Crystal Angular Momentum

Question

In a crystal, we don't have full translational symmetry, but we still have discrete translations. This allows us to define "crystal momentum" that is conserved modulo a reciprocal lattice vector.

In a crystal, we don't have full rotational symmetry, but we still have discrete 2, 3, 4, and/or 6-fold rotational symmetry. Can we define a "crystal angular momentum"?

Also, unrelated question: if we have a semiconductor impurity state that resembles a hydrogen 1s state, 2p state, etc... what is its angular momentum?

Answer 1

If a crystal has a discrete group of point symmetries then the electronic eigenfunctions will be suitably invariant under that group. Formally, the symmetry requires that the eigenfunctions of a hamiltonian with symmetry group $G$ belong to the various representations of that group.

In the abstract, a representation of a group $G$ is a vector space (in this case a subspace of degenerate energy) $V$ and a "recipe" for unitarily transforming the vectors in $V$ with the transformations from $G$, in the form of a group homomorphism $R:G\rightarrow U(V)$. If one knows the structure of a group (in the form of its multiplication table) then there is a lot that can be said about its possible representations, which are typically denoted by some standard notation (e.g. $E$, $A$, $B$, etc.). The wavefunctions are then labelled by the representation type of the subspace they belong to.

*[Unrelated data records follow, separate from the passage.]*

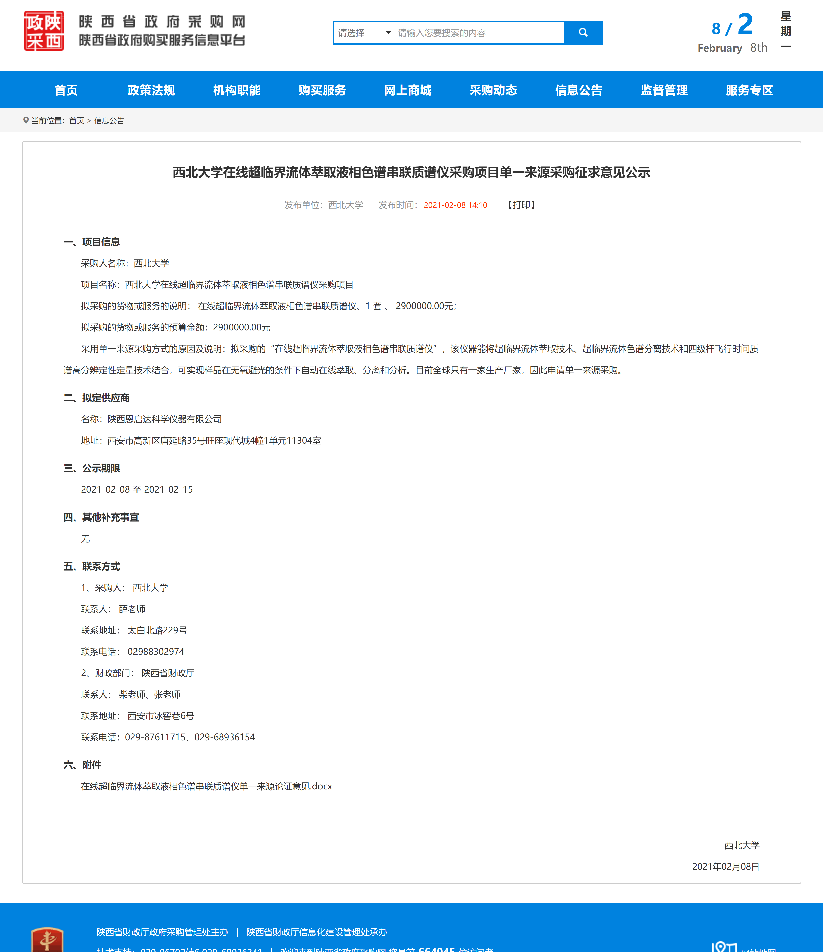乐投平台在线超临界流体萃取液相色谱串联质谱仪采购项目单一来源采购征求意见公示
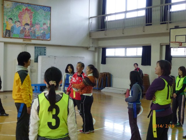 今回の研修会は、同校の「教員研修」を兼ねて開催され、川又校長先生を含め全員の先生方が放課後の忙しい時間帯に体育館に集まり、前半の講義では、「小学校の体育学習におけるタグラグビーの可能性」のタイトルで、(1)ボールゲームの授業をめぐるひとつの問題、(2)問題の解決へ向けた2つの取り組み、(3)学習指導要領との関係について、(4)タグラグビーの魅力と題して講義を行い、タグラグビーの体育授業における優位性等を理解していただきました。
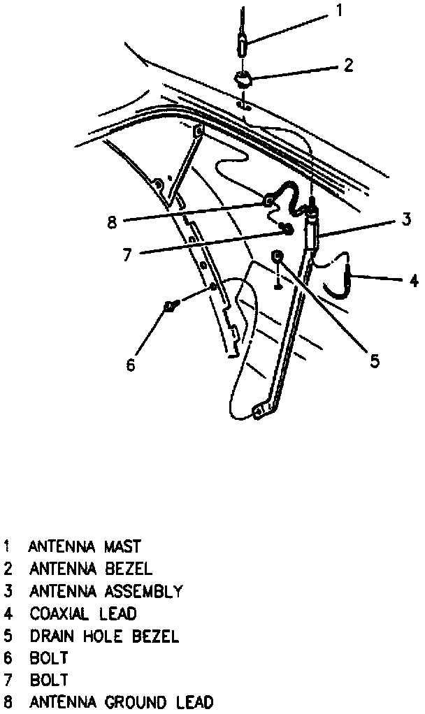 3. Antenna bracket bolt.

To bring this back down to angular momentum, the subspaces with different $l$ are the different representation subspaces. The group in question is the rotation group $\text{SO} (3)$. It has an infinite family of representations of increasing finite dimension, and the index $l$ that labels them is precisely the angular momentum quantum number of those wavefunctions. In group theoretic terms, then, "having definite angular momentum" simply means "belonging to a suitable representation of $\text{SO} (3)$".

Thus a crystal with a point symmetry will have electronic eigenfunctions that do have "definite crystal angular momentum", in the sense that they belong to a certain representation of the point group.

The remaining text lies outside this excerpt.